Dive Brief:
- Motorola has chosen Amazon's Alexa as the voice-activated assistant technology to drive shopping and other applications on its Moto Mods accessories for its Moto Z smartphone, as well as other device models in the future.
- Executives from Motorola and Amazon made the announcement at the massive Mobile World Congress tradeshow in Barcelona, Spain, where Jon Kirk, director of Amazon's Alexa Voice Service, said the partners would develop a Moto Mod speaker that allows users to use the smartphone to interact with Alexa in the same way customers of the Amazon Echo speaker do. The Alexa Moto Mod is expected to launch later this year.
- Meanwhile, Google made an announcement in a similar vein, saying that its Google Assistant would soon be made available as a feature for smartphones running its Android 7.0 Nougat and Android 6.0 Marshmallow operating systems. English speakers in the U.S. would have access to that capability first, while users in other countries would get it later.
Dive Insight:
The competitive battle between voice-activated virtual assistants is suddenly moving beyond the home speaker devices with which it started. It's an expansion that was bound to happen, and should greatly expand the opportunities in this fast-developing market for Amazon and Google. While the original speaker products — particularly the groundbreaking Echo — offer a lot of connected home capabilities in a simple, efficient design, our lives revolve much more around our smartphones.

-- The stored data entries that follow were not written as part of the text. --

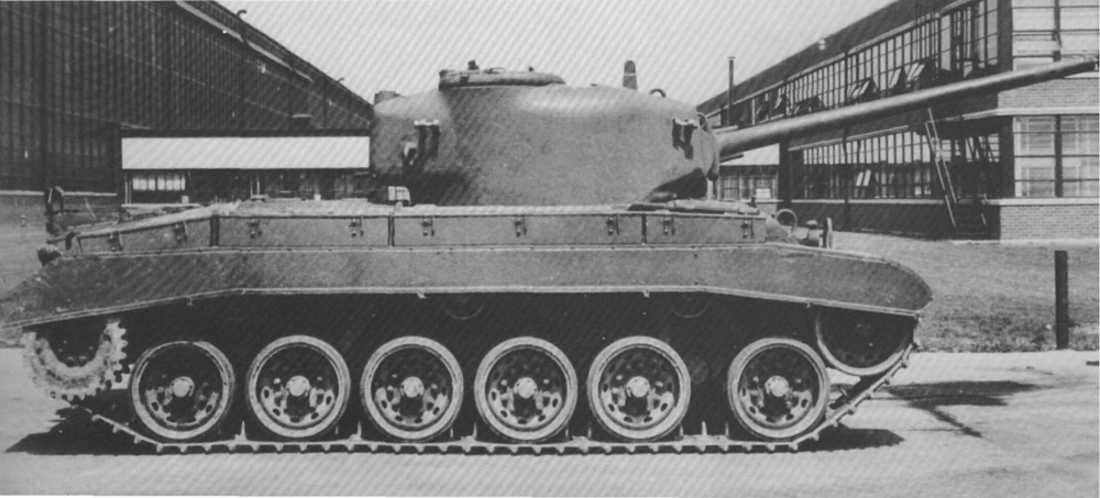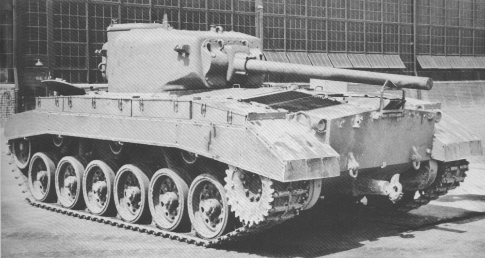 Development of a replacement for the Medium Tank M4 began in the spring of 1942, almost immediately after the M4 Sherman was standardized. This project was initiated as the M4X program, which eventually produced the Medium Tank T20. On August 26, 1942, the Ordnance Committee approved development of three variants: the T20 with the 76 mm M1A1 gun, the T20E1 with the 75 mm M3 gun and an autoloader, and the T20E2 with the 3-inch M7 gun. The T20 chassis had a lower silhouette and a more compact hull than the Sherman, retaining the VVSS suspension and drivetrain details. This reduction in size was made possible by the use of the new Ford GAN V-8 engine paired with a rear transmission and rear sprocket drive layout, eliminating the tall transmission tunnel that had been so distinctive on the Sherman.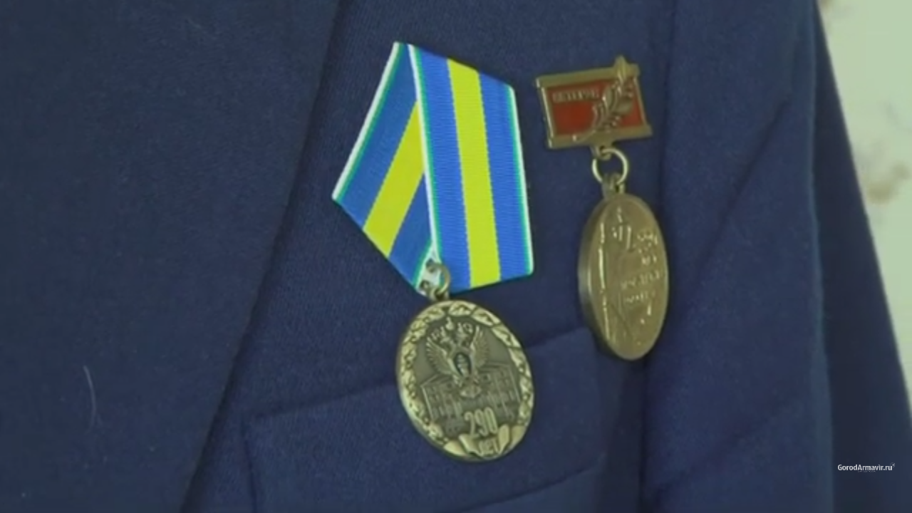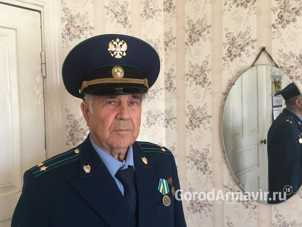 Александр Михайлов вышел на пенсию в 1997 году с должности заместителя прокурора Армавира. Видимо, форма на 1997 год. Как видим, кокарды с гербом РФ еще нет. Характерное для переходного периода смешение символики СССР и РФ.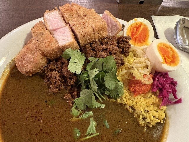 スパイスとんかつカリー(+羊キーマ、+ピクルス煮玉子、辛口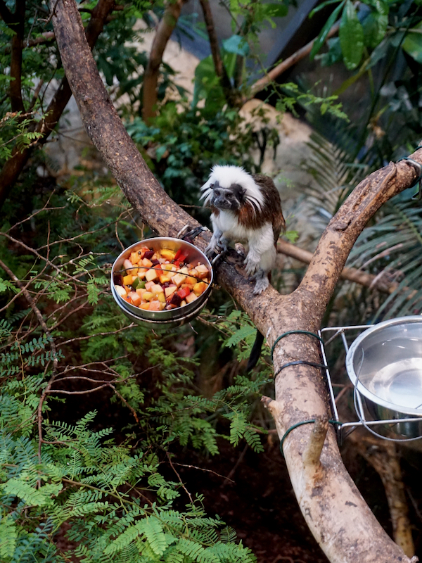 La grosse attraction du jour, ce sera la Haus des Meeres, un zoo terre-mer installé dans une ancienne tour de DCA haute de dix étages. Nous faisons une assez longue queue pour acheter nos billets d’entrée (l’option internet aurait exigé de disposer d’une imprimante…) et devons débourser près de 19€ par personne. Mais une fois à l’intérieur, je ne le regrette pas une seconde. Même les hordes de gamins hurlants et de parents qui me cognent dans les mollets avec leur putain de poussette* ne parviennent pas à entamer mon émerveillement face aux méduses boulet de canon devant lesquelles je reste en admiration plusieurs minutes, ou le poulpe solitaire que tout le monde se bouscule pour photographier. Quand nous pénétrons dans le Kroki Park, un milieu naturel reconstituée sur trois étages où des singes, des chauves-souris, des oiseaux et des tortues se promènent en liberté parmi les visiteurs, je ne me tiens plus de joie. Le nez en l’air, je manque me donner un torticolis à suivre le vol des roussettes pas du tout farouches qui frôlent le bonnet de Chouchou et mes cheveux. Je pousse des couinements ravis chaque fois qu’un petit gibbon (je crois) s’arrête sur la rambarde à vingt centimètres de mon bras. S’il ne faisait pas si chaud avec nos manteaux et nos pulls, je serais fichue d’y passer le reste de la journée.

Amazon, with its own array of Alexa-powered devices, may not seem like it needs much help in this battle, but any time it can get Alexa into a different sort of device from another manufacturer, as it is doing with Motorola with smartphones and LG with refrigerators, its rapidly expanding ecosystem for Alexa becomes that much larger. Google recently enabled shopping via Google Home, but it could still use some help chasing Amazon. So, what do you know, it's got its own smartphone operating system with Android, and can pretty easily make its assistant (the thing still needs a better name) an embedded app on many Android devices.
Google's efforts could become complicated, however, if manufacturers of Android devices don't want to make Google Assistant a default app on some of their phone models. There is already talk that Samsung, the biggest maker of Android phones, will offer its own voice assistant technology, for example. Cluttering the Android marketplace with multiple voice assistants or voice-shopping apps could make it difficult for Google Assistant to make progress on this front. Meanwhile, assuming Alexa has Motorola all to itself and vice versa, Alexa could quickly be extended to a new group of customers of long-standing phone brand that has begun a but of a rebound since being acquired by Lenovo.
Amazon and Google likely will continue to announce new efforts to increase the reach and availability of their voice assistants. The e-commerce shopping experience is changing rapidly. Last year, we were all talking a lot about how mobile was transforming that experience, and very soon, we'll be saying the same about voice-driven shopping capabilities. This is how that sort of chatter ramps up — by making it easier to shop using your voice on more devices. Expanding onto smartphones is just a start.